© 2022 Janghyun Choi
Alignment with Reference Genome using bowtie2
Bowtie2 that is an ultrafast and memory-efficient tool coded in python can be aligned sequencing reads to long reference genomes. Notably, Bowtie is suitable for ChIP-seq or ATAC-seq, but not RNA-seq. If you have to analyze transcriptome, go to the section on RNA-seq using HISAT2 tool. Bowtie can run on any computer installed on Linux or macOS and works in python version > 2.6. This protocol was created based on Bowtie2 version 2.5.1 running on a system equipped with an Intel 10th generation i9-10910 processor and 48GB of memory. The test environment includes Python version 3.8.5, SciPy version 1.6.2, NumPy version 1.20.1, and pySam version 0.16.0.1 under macOS 12.4 environment. This course takes very long time and spends a lot of RAM and CPU resource.
Installation bowtie2
To install bowtie2 using homebrew, use the following command:
$ brew install bowtie2
Establish Genome Builder
bowtie2-build builds a bowtie index from a set of DNA sequence. This builder consists of a set of 6 files with suffixes .1.bt2, .2.bt2, .3.bt2, .4.bt2, .rev.1.bt2, and .rev.2.bt2. These files together constitute the index for the alignment reads to that reference.
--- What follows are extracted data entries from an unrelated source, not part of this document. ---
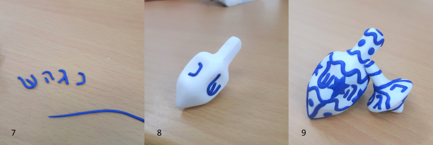 Start by making the Hebrew letters to put around your Dreidel. You can either roll out a sheet of clay and cut out your letters, or make a thin clay rope and use that to sculpt your Nun, Hay, Gimmel, and Shin. Once you’ve made your letters, stick them on! Finish decorating your Dreidel the way you want by adding decorative borders and any other details you want your Dreidel to have! We liked the idea of using the Israeli Flag as inspiration for our Dreidel, so we added lots of wavy blue borders and Stars of David to our first Dreidel.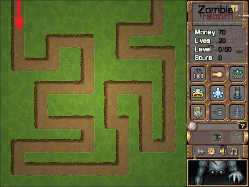 좀비 TD 리본 (Zombie TD Reborn)는 타워를 세워 왼쪽(빨간 화살표)에서 들어오는 좀비가 길을 따라 끝까지 도착하기 전에 막는 방식입니다.
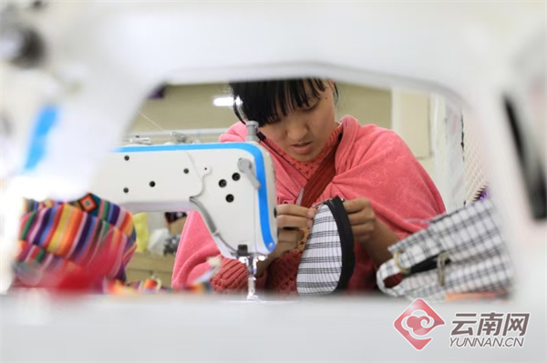走進(jìn)匹河怒族鄉(xiāng)指揮田社區(qū)福貢縣相宜民族用品農(nóng)民專業(yè)合作社,搬遷群眾在縫紉機(jī)前認(rèn)真縫制傈僳族服裝、傈僳包等民族服飾品。

You can download from the index section of official website all the files for a given assembly as a single zip file, or as 6 seperate bt2 files. There are two types of genome builder method; manual and automatic.
- Automatic method: uncompress builder files and uses ‘bowtie2-build’ or ‘make_XX_.sh’ syntax. For more information, refer to Bowtie2’s manual.
- Manual method: uncompress builder files and moves them to the desired path.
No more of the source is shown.